Considerações finais
Ao final deste artigo, queremos afirmar a importância do momento da avaliação
das ações desenvolvidas no que tange a operacionalização das políticas sociais no Brasil,
com destaque no nosso texto, às dirigidas a crianças e adolescentes, cujas orientações
constam no Estatuto da Criança e do Adolescente, como um importante momento de
educação para exercício do poder democrático.
Os princípios que embasam o ECA, somente podem ser firmados nos espaços
concretos da realidade, através de sujeitos históricos. Os programas e projetos sociais
(que expressam as políticas sociais) são instrumentos eficazes para este objetivo, mas
para tanto, têm que ser avaliados e monitorados a partir de diagnósticos sociais
atualizados.
É importante entendermos, que as políticas sociais nos quadros da totalidade
social da qual fazem parte, são resultado da articulação de interesses econômicos e
políticos, dos protagonistas, Estado, classes hegemônicas e grupos subalternos
(PASTORINI, 1997). Tal articulação desenvolve-se partir do binômio concessão-
conquista, como trata Pastorini (ibid), como um processo “conflitivo atravessado pelas
lutas de classes, onde os diferentes grupos têm ganhos e perdas, ao mesmo tempo em
que lutam e pressionam, „conquistam‟ e „concedem‟ alguma coisa aos demais sujeitos
envolvidos.” (ibid., p.97).
No contexto conjuntural que se desenha a partir dos anos de 1970, pelo advento
do neoliberalismo, e em função do processo conflitivo anteriormente mencionado, nos
deparamos com um perfil de políticas sociais no Brasil, frágeis, insuficientes,
descontínuas e com traços meramente compensatórios.

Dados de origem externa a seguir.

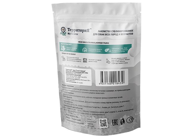 Нативное лакомство, созданное по технологии freeze-drying (сублимационная сушка). Все ингредиенты для лакомств ТерриториЯ™ поступают на производство в свежем виде. Там для сохранения своих полезных свойств они проходят сверхбыстрое замораживание. Затем в вакуумной камере происходит процесс сублимации, в результате чего замёрзшая влага в ингредиентах испаряется без перехода в жидкое состояние. Это значит, что удаляется только вода, а лакомство сохраняет все свои полезные свойства.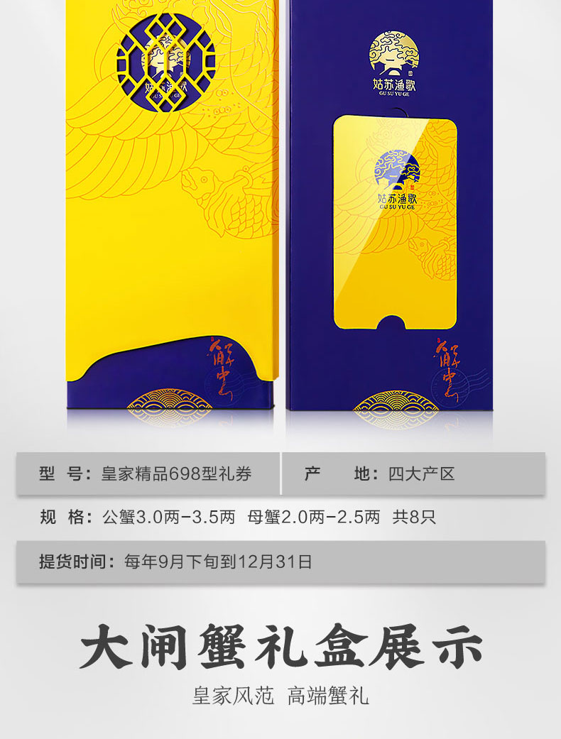 姑苏渔歌 苏州大闸蟹中秋送礼【卡券】 皇家精品698型 公蟹3.0两-3.5两4只+母蟹2.0两-2.5两4只 鹅仔黄(单位:张)

Ao protagonista Estado é exigida, pelos organismos internacionais, uma
intervenção mais restrita “a ações focalizadas na extrema pobreza, buscando a
complementação da filantropia privada e das comunidades” (ibid:27). Portanto, se o ECA
assenta-se na defesa de uma participação mais politizada e um Estado mais forte e mais
ampliado, no que tange aos interesses da classe trabalhadora, a conjuntura política e
econômica atual vai exigindo direção oposta.
Não há, portanto, como negar, que um processo de avaliação de políticas sociais,
deva compreender um olhar que considere a existência do conflito, da contradição, da
luta política na constituição das políticas sociais, entendendo que não há lugar para
neutralidades junto ao mesmo. Temos, neste sentido, de nos lançarmos no aprendizado
da lida com as contradições e da construção do poder contra-hegemôncio.
Pelos princípios do ECA, a sociedade é histórica, aberta ao tempo, às
transformações, ao possível, ao novo (ibid.). O ECA entende que uma sociedade
democrática não se sustenta somente com suportes legais, mas demanda cultura
democrática, para cujo alcance os processos avaliativos e de monitoramento de
programas/projetos sociais, apresentam-se como valiosos instrumentos táticos.